On 28 November 2019, the Hoe Neighbourhood Forum, together with the University of Plymouth’s Cultural and Heritage Exchange (CHEx) team, Real Ideas and The Box, hosted a Heritage Lottery-funded exhibition in Plymouth Guildhall to celebrate the contribution made by powerful women who, over the last 100 years, have promoted, protected and empowered Plymouth’s citizens.

Plymouth women voters demonstrated their power over 100 years ago on 28 November 1919, when Nancy Astor became MP for Plymouth Sutton, with women voters forming the majority of those casting their votes.

This exhibition emphasised the importance of the women’s dimension in shaping the modern city, and celebrated the impact and legacy of women whose contribution needs to be rediscovered and placed into context alongside Nancy’s. They include those who worked with Nancy – like Bessie LeCras, Clara Daymond, Louise Simpson and Mary Bayley – plus later figures whose contributions built on the earlier legacy. Plymouth has a proud unmatched legacy, sending six women MPs to Westminster, a record covering 96 of the last 100 years.

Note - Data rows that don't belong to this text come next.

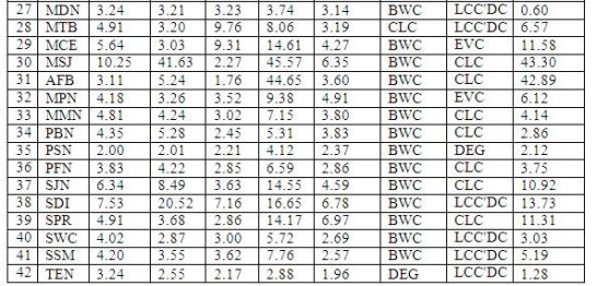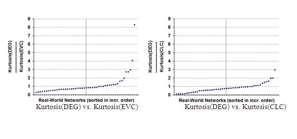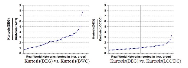 In Figure 4, we show the distribution of the Kurtosis(X)/Kurtosis(DEG) where X {EVC, CLC, BWC and LCC’DC} for the real-world networks. We observe the Kurtosis(BWC)/Kurtosis(DEG) ratios to be above 1 for 43 of the 48 (close to 90%) real-world networks, with a median of 2.30. On the other hand, the Kurtosis(EVC)/Kurtosis(DEG) and Kurtosis(CLC)/Kurtosis(DEG) ratios are below 1 for 32 and 37 of the 48 real-world networks (with medians of 0.82 and 0.75) respectively. In earlier works [55-56], the BWC and DEG metrics have been observed to exhibit a very strong correlation for several real-world networks. However, the above observations regarding the Kurtosis(DEG) and Kurtosis(BWC) values indicate that real-world networks are expected to be relatively more fat-tailed with respect to BWC compared to that of DEG. On the other hand, the lower values (lower than 1.0) for the Kurtosis(CLC)/Kurtosis(DEG) and Kurtosis(EVC)/Kurtosis(DEG) ratios for at least 2/3rds of the real-world networks indicate that real-world networks are likely to be less fat-tailed with respect to the EVC and CLC metrics vis-a-vis DEG. The median of the Kurtosis(DEG)/Kurtosis(LCC’DC) ratios is 1.00, indicating that the local clustering coefficient component of the LCC’DC formulation does not contribute to the fat-tailedness of the LCC’DC distribution. These are interesting observations that have been hitherto not reported in the literature.
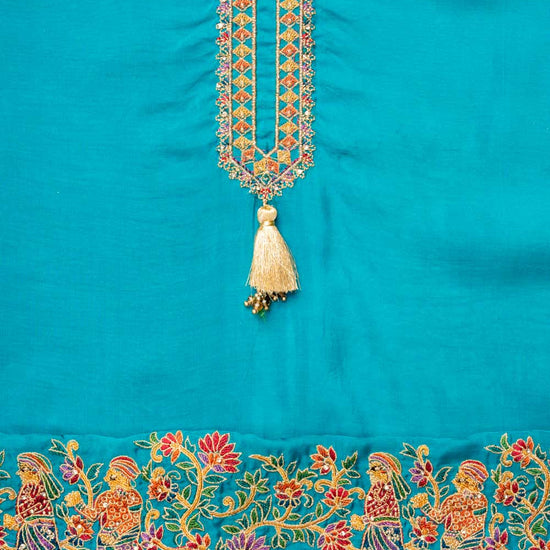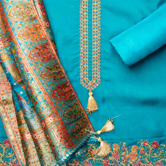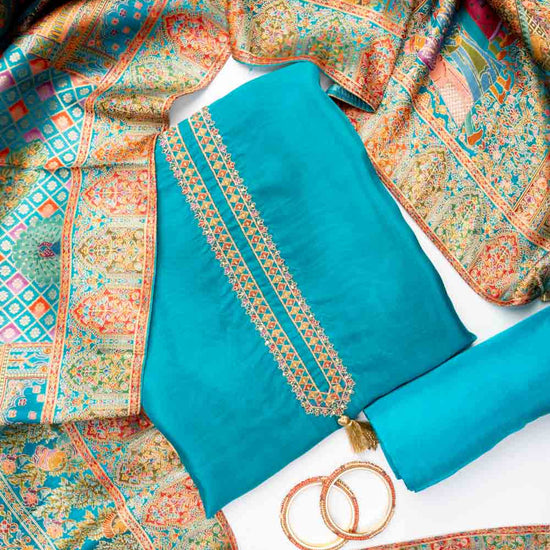 Panna Rama Organza Unstitched Salwar Suit With Dola Silk Dupatta
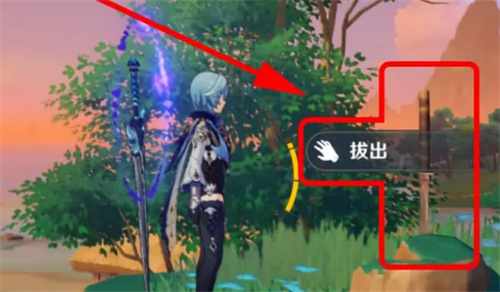 4、成功找到无名武士需要的刀以后,将它拔出来。
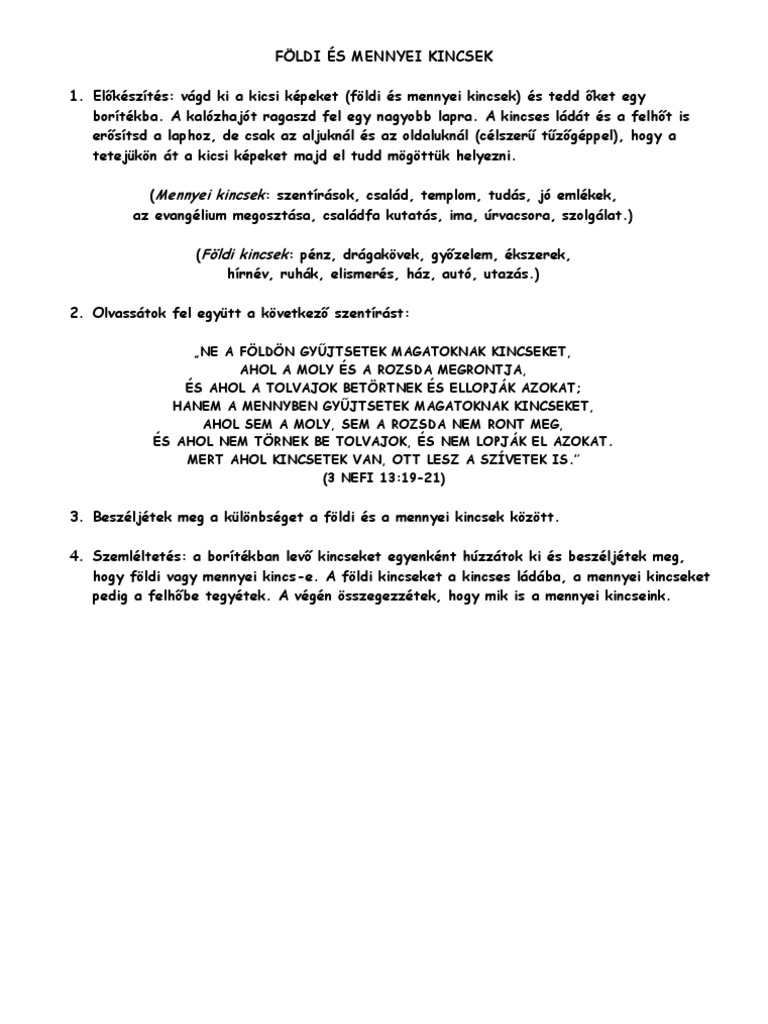 Hanem gyűjtsetek magatoknak kincseket mennyben a hol sem a rozsda sem a moly meg nem emészti és a hol a tolvajok ki nem ássák sem el nem lopják. Az apostolok ezt tették és ez legyen a mi ismertetőjelünk is. Ne gyűjtsetek magatoknak kincseket a földön hol a rozsda és a moly megemészti és a hol a tolvajok kiássák és ellopják. Mert ahol a kincsed van ott lesz a szíved is.

Louise Simpson was one of the first 172 UK women appointed as magistrates in 1920; Clara Daymond was the first Plymouth women elected as a town councillor, in October 1919. Mary Bayley was a Councillor, a magistrate and an active supporter of initiatives including lobbying for women police, while Bessie LeCras became Nancy’s Parliamentary agent. But there are other names and this exhibition challenged the Plymouth local community to help us recover the record of their contributions over the last century, so we can remember figures like Jacquetta Marshall (the first female Lord Mayor) and later successors Dorothy Waldrond Innes, Eileen Evans, Sylvia Bellamy and Joan Stopporton.

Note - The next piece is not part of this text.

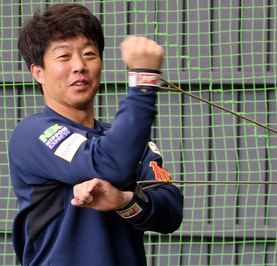 合宿初日はダルビッシュ投手とキャッチボールをしました。ボールを受けるのは2011年以来です。きれいでスムーズな体重移動やバッターに向かうような威圧感のある投球フォームを見て『こんな感じだったなぁ』と懐かしさを覚えました。
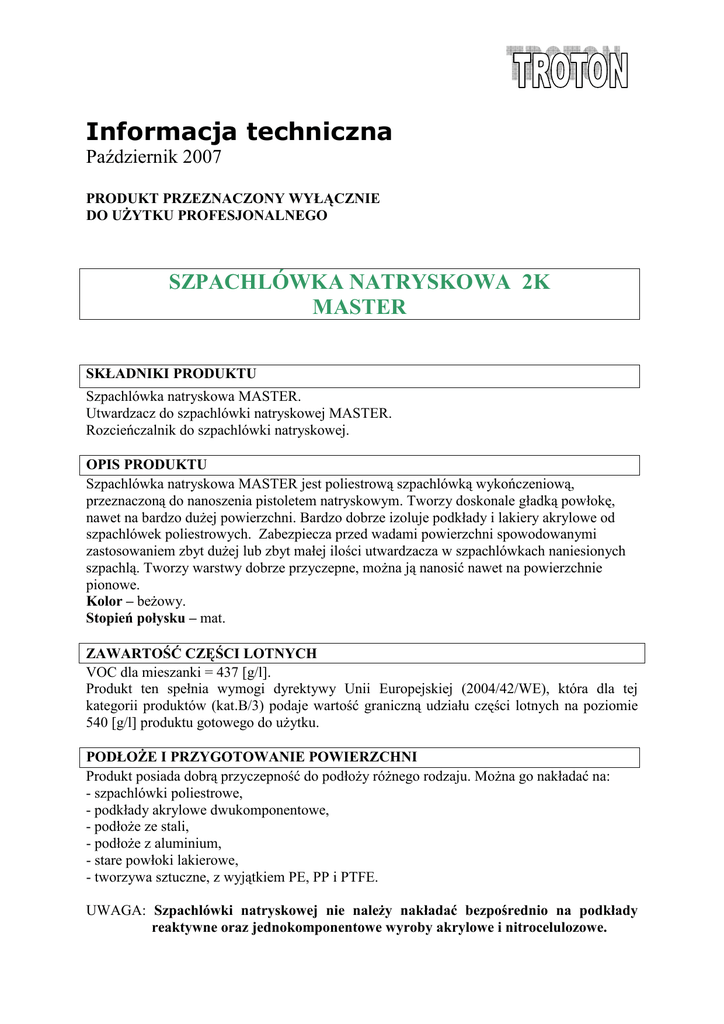 Informacja techniczna Październik 2007 PRODUKT PRZEZNACZONY WYŁĄCZNIE DO UśYTKU PROFESJONALNEGO SZPACHLÓWKA NATRYSKOWA 2K MASTER SKŁADNIKI PRODUKTU Szpachlówka natryskowa MASTER. Utwardzacz do szpachlówki natryskowej MASTER. Rozcieńczalnik do szpachlówki natryskowej. OPIS PRODUKTU Szpachlówka natryskowa MASTER jest poliestrową szpachlówką wykończeniową, przeznaczoną do nanoszenia pistoletem natryskowym. Tworzy doskonale gładką powłokę, nawet na bardzo duŜej powierzchni. Bardzo dobrze izoluje podkłady i lakiery akrylowe od szpachlówek poliestrowych. Zabezpiecza przed wadami powierzchni spowodowanymi zastosowaniem zbyt duŜej lub zbyt małej ilości utwardzacza w szpachlówkach naniesionych szpachlą. Tworzy warstwy dobrze przyczepne, moŜna ją nanosić nawet na powierzchnie pionowe. Kolor – beŜowy. Stopień połysku – mat. ZAWARTOŚĆ CZĘŚCI LOTNYCH VOC dla mieszanki = 437 [g/l]. Produkt ten spełnia wymogi dyrektywy Unii Europejskiej (2004/42/WE), która dla tej kategorii produktów (kat.B/3) podaje wartość graniczną udziału części lotnych na poziomie 540 [g/l] produktu gotowego do uŜytku. PODŁOśE I PRZYGOTOWANIE POWIERZCHNI Produkt posiada dobrą przyczepność do podłoŜy róŜnego rodzaju. MoŜna go nakładać na: - szpachlówki poliestrowe, - podkłady akrylowe dwukomponentowe, - podłoŜe ze stali, - podłoŜe z aluminium, - stare powłoki lakierowe, - tworzywa sztuczne, z wyjątkiem PE, PP i PTFE. UWAGA: Szpachlówki natryskowej nie naleŜy nakładać bezpośrednio na podkłady reaktywne oraz jednokomponentowe wyroby akrylowe i nitrocelulozowe. Szpachlówki poliestrowe naleŜy wcześniej przeszlifować na sucho (P240) i odtłuścić. Podkłady naleŜy wcześniej odtłuścić, przeszlifować na sucho (P220 - P280) i ponownie odtłuścić. Powierzchnię stalową naleŜy wcześniej odtłuścić, przeszlifować na sucho (P80 - P120) i ponownie odtłuścić. Powierzchnię aluminiową naleŜy wcześniej odtłuścić, zmatowić włókniną ścierną i ponownie odtłuścić. Stare powłoki naleŜy wcześniej odtłuścić, przeszlifować na sucho (P220 - P280) i ponownie odtłuścić. Tworzywa sztuczne naleŜy wcześniej odtłuścić, zmatowić włókniną ścierną i ponownie odtłuścić. PROCES APLIKACJI Zastosowanie Izolacja podkładu akrylowego od szpachlówki poliestrowej. Wypełnienie małych rys i wgłębień przed malowaniem. Proporcja mieszania składników Części obj. Masa szpachlowa Utwardzacz Rozcieńczalnik 100 części 3-4 części max 10% Składniki wymieszać do uzyskania jednolitego koloru. Lepkość natryskowa Rozcieńczyć do lepkości odpowiedniej przy aplikacji pistoletem natryskowym. Produkt z utwardzaczem nie wymaga rozcieńczenia przy dyszy 2,2÷3,0 mm. śywotność mieszanki 20-30 minut w 20oC Rodzaj pistoletu Dysza – 2,2÷3,0 mm, Ciśnienie – wg zaleceń producenta sprzętu. Liczba warstw 1-3 warstwy. Grubość powłoki Nie przekraczać grubości 100µm pojedynczej warstwy mokrej. Nie przekraczać łącznej grubości 500 µm. Czasy odparowania - między warstwami - przed wygrzewaniem ok. 5 minut ok. 10 minut Czas odparowania zaleŜy od temperatury i grubości warstwy. Czasy utwardzania - 2-3 godziny w 20oC - 30 minut w 60oC Dalsze prace wykonywać po 3 godz. Temperatura poniŜej 20oC znacznie wydłuŜa czas schnięcia WYDAJNOŚĆ TEORETYCZNA PRODUKTU 1 litr szpachlówki natryskowej pozwala na uzyskanie ok. 6 m2 suchej warstwy o grubości 100µm. DALSZE PRACE Po utwardzeniu powierzchnię naleŜy zeszlifować. - szlifowanie zgrubne: P180-P240, - szlifowanie wykańczające: P240-P320. Szpachlówkę natryskową, po oszlifowaniu, pokryć podkładem akrylowym. UWAGI OGÓLNE - Podczas pracy z produktami 2K konieczne jest uŜywanie sprawnego sprzętu ochrony osobistej. NaleŜy chronić oczy i drogi oddechowe. - Pomieszczenia powinny być dobrze wentylowane. - Mycie pistoletów i narzędzi naleŜy przeprowadzić bezpośrednio po aplikacji. - Nie naleŜy przekraczać zalecanych dawek utwardzacza! - Minimalna temperatura nanoszenia wynosi +10oC. Uwaga: W celu bezpieczeństwa naleŜy zawsze postępować zgodnie z danymi zawartymi w Karcie Charakterystyki Substancji Niebezpiecznej dla danego wyrobu. PRZECHOWYWANIE Składniki produktu naleŜy przechowywać w szczelnie zamkniętym pojemniku, w pomieszczeniach suchych i chłodnych, z dala od źródeł ognia, ciepła i promieni słonecznych. Uwaga: Po kaŜdorazowym uŜyciu, pojemniki naleŜy natychmiast zamknąć! Utwardzacz chronić przed mrozem i wilgocią! OKRES GWARANCJI Szpachlówka natryskowa MASTER - 12 miesięcy od daty produkcji. Utwardzacz do szpachlówki natryskowej MASTER - 12 miesięcy od daty produkcji. Wszystkie informacje opierają się na skrupulatnych badaniach laboratoryjnych i długoletnim doświadczeniu. Ugruntowana pozycja na rynku nie zwalnia nas z ciągłej kontroli jakości naszych produktów. Jednak nie ponosimy odpowiedzialności za końcowe efekty przy niewłaściwym przechowywaniu lub uŜytkowaniu naszych wyrobów oraz za pracę niezgodną ze sztuką dobrego rzemiosła. TROTON sp. z o.o. Ząbrowo.

We need to know more about magistrates like Frances Wyatt and Mrs James Buller-Kitson. The exhibition challenged people to come forward and add to the list. The top 30 out of up to 100 names (picked in a public vote held in January 2020) will feature in a new Plymouth heritage trail, launched in September 2020.


Touching the Past
| A short play about the life of Nancy Astor

  • Writer/Director: Hugh Janes
  • Nancy Astor: Sheila Snellgrove
  • Waldorf Astor: Charlie Coldfield
  • Martin Ford and Winston Churchill: John James McColl


A Returned Pilgrim
| A documentary by Rob Giles and Dr Judith Rowbotham

This Time Lock documentary examined Nancy Astor's local legacy and long-term impact and how her association with Plymouth shaped her political vision and her election to Parliament. It explored this from her encounter with Plymouth in 1908, when (as Mrs Waldorf Astor) she was an active campaigner for her husband.The documentary included interviews with Alexis Bowater and Penny Tarrant, as well as Lesley Abdela, who founded the 300 Campaign group in the 1980s.